Fasten Your Seatbelt (; lit. "Rollercoaster") is a 2013 South Korean comedy film written and directed by actor Ha Jung-woo, in his directorial debut. The film made its world premiere at the 18th Busan International Film Festival, and was released in theaters on October 17, 2013.

Plot
A plane headed from Tokyo's Haneda Airport to Seoul's Gimpo Airport with a Hallyu star on board runs into an unexpected storm and is in danger of crashing. A plane full of absurd characters―both crew members and passengers such as a businessman, a monk and a paparazzo—go through a series of comical shenanigans.

Cast
Jung Kyung-ho as Ma Joon-gyu
Ha Sung-chun as Han Gi-beom, captain
Kim Jae-hwa as Kim Hwal-ran, head stewardess
Choi Kyu-hwan as Kim Hyeon-gi, tabloid reporter
Kim Gi-cheon as Heo Seung-bok, Zha Cai Airlines chairman
Kim Byeong-ok as monk
Kang Shin-chul as Kang Shin-choo, chief purser
Kim Sung-kyun as Jo-rong, steward
Ko Sung-hee as Minamito, Japanese stewardess
Kim Ye-rang as Chan-mi, stewardess
Lee Ji-hoon as ophthalmologist
Son Hwa-ryung as Chun-nyeo, chairman's executive assistant
Hwang Jung-min as Cha Bok-soon, middle-aged female fan
Im Hyun-sung as co-pilot
Kang Han-na
Kim Joon-kyu
Lee Soo-in
Kim Jae-young
Ko Kyu-pil as Ma Joon-gyu's manager

Production
Ha Jung-woo said he'd always had the desire to study about film more, so he seized the opportunity to approach this movie not as an actor but as a director. "Having pondered what kind of film I should make, I came to the conclusion that I would only be satisfied if the audience could enjoy it and get some laughs. This naturally led me to write a comedy," Ha said.

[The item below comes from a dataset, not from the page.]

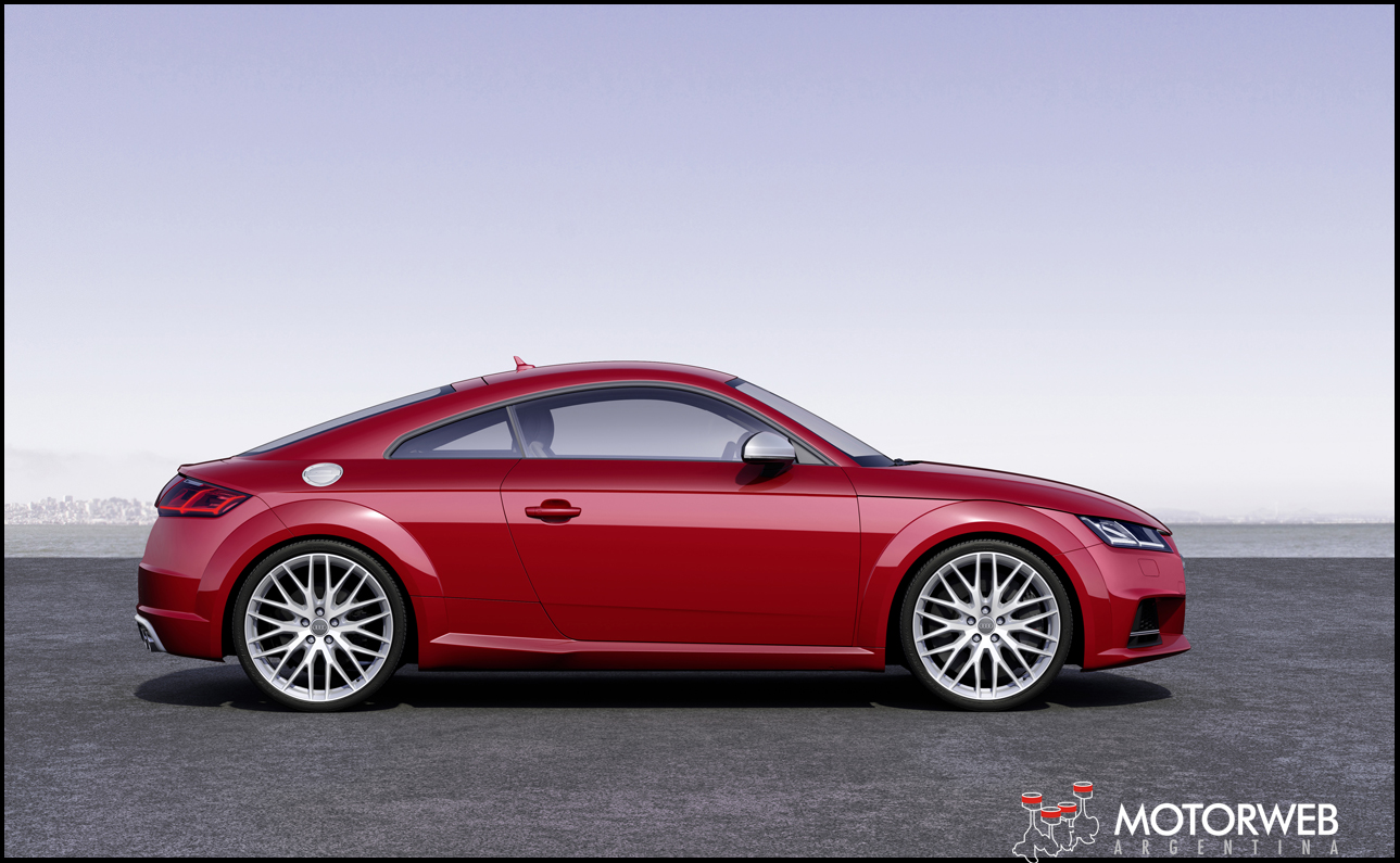 El aspecto lateral del nuevo TT es tan muscular como lineal y anguloso. Nuevamente están presentes los marcados pasarruedas redondos que le dan tanta expresión a los laterales. Si bien tiene el mismo largo que el modelo que reemplaza (4.18 m), parece mas largo, porque creció la distancia entre ejes, mejorando la habitabilidad. También el ancho y la altura del auto son iguales a la generación actual. También la tapa del tanque de nafta es otro guiño al diseño de la primera generación del TT.

Ha reportedly wrote the script based on his friend and fellow actor Ryoo Seung-bum's real-life experience. The flight from Seoul to Tokyo normally only takes about two hours, but Ryoo once experienced plane turbulence that went on for almost seven hours, during which he genuinely thought he was going to die.

Ha cast Jung Kyung-ho in the leading role as an arrogant and paranoid Hallyu star. Ha and Jung belong to the same agency Fantagio, and were both theater majors at Chung-Ang University. This was Jung's first acting job after his discharge from mandatory military service, and his character's appearance and wardrobe was inspired by K-pop star G-Dragon. Most of the actors in the cast have also worked with Ha before—even the music director, a colleague he first met while working on My Dear Enemy in 2008.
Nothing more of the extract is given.